На его резкий шепот никто не ответил. Он нащупал выключатель, щелкнул — темнота не исчезла. Он забыл про фонарик и с вытянутыми вперед руками пошел в глубь коридора, в конце которого — это он тоже помнил — находилась дверь в большую мрачную комнату.

Остановился у двери, приложил к ней ухо. Звенела тишина, затем звон тишины перешел в звон костельных часов, пробивших одиннадцать. Оставался час.

Он подождал, пока растает в воздухе последний, одиннадцатый удар, потом подумал: «Наверняка она умерла, вернусь, скажу, что она умерла, следов на снегу нет, дверь заперта…»

Но продолжал стоять, приложив ухо к двери, и теперь уже не тишина и не часы, а его собственное сердце звонило и било тревогу.

— Пани Титина, — позвал он еще раз, громко, умоляюще. Умолял ее: не будь живой.

— Кто там?

Он в ужасе отпрянул.

— Entrez[43], — произнес через мгновение тот самый низкий, хриплый голос, который он сразу же узнал.

Он вошел.

Она сидела на кровати за баррикадой из подушек, ему была видна одна только голова в беспорядочном окаймлении седых волос, торчащих словно проволока. В поднятой руке Титина держала подсвечник.

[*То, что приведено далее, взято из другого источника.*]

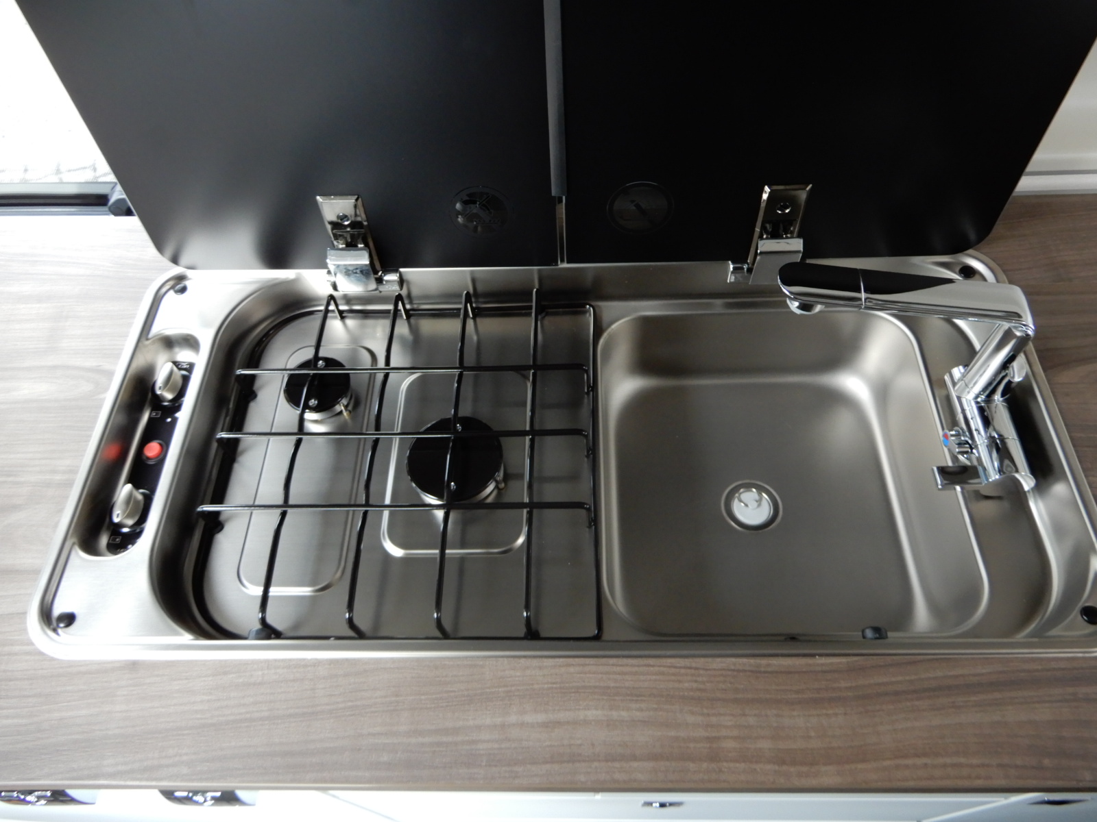- Plynový vařič se 2 hořáky a krytem, elektr. zapalování

Когда он подошел ближе, его тень вдруг вскочила на стену и появилась рядом с головой медузы, а затем медленно и неумолимо накрыла ее собой. Из кровати выглядывало одутловатое лицо, все в темных старческих пятнах. «Развалина, — подумал он и со странным удовлетворением повторил: — Развалина, развалина…»

Она смотрела на него внимательно, напряженно. Он понял — она сражается с памятью. Почувствовал, как ему сдавило желудок, верный сигнал тошноты, и расстегнул воротник куртки.

— Прошу вас встать, — сказал он. — Все евреи должны немедленно явиться в гмину[44].

Она даже не шевельнулась. По ее лицу пробежала легкая дрожь, она улыбалась.

— Вы, наверное, пришли по поводу уроков…

— Нет. Вам придется встать, я отведу вас в гмину, все…

— К сожалению, я временно не даю уроков.

Он склонился над ней и, борясь с приступом тошноты, произнес внятно и четко:

— Пожалуйста, встаньте.

«Не получается, меня выгонят, — подумал Людек. — Она не пойдет, я не смогу ее заставить, вот если бы мне кто-нибудь помог…»

— Встать! — заорал он.

Она уронила подсвечник на пол. Он поднял свечу, задел ногой кастрюльку — по полу рассыпались засохшие хлебные корки. Он аккуратно их собрал.

— Каким тоном вы со мной разговариваете? — раздался голос Титины. — И позвольте, с кем имею честь?

Он не ответил. Повторил еще раз, на сей раз спокойно и вежливо:

— Пожалуйста, встаньте и оденьтесь. Я отведу вас в гмину. Все евреи должны явиться в гмину.

— Tiens, tiens[45]. — Она покачала головой. — В гмину? Никогда не имела никаких дел с гминой. И не хочу иметь с ней ничего общего. Voilà[46], молодой человек. А теперь уходите.

— Пани Титана! — крикнул он. — Немцы велели…

— Les sales Bodies![47]

— Я вам помогу…

Прямо перед ним плавало ее мешковатое лицо, в котором слезились два озерца глаз. Она схватила его за руку.

— А чей ты сын, дитя? — спросила. И, не дожидаясь ответа, прошептала: — Сын… Ты сын…

— Зофьи… — послушно ответил он, сам того не желая.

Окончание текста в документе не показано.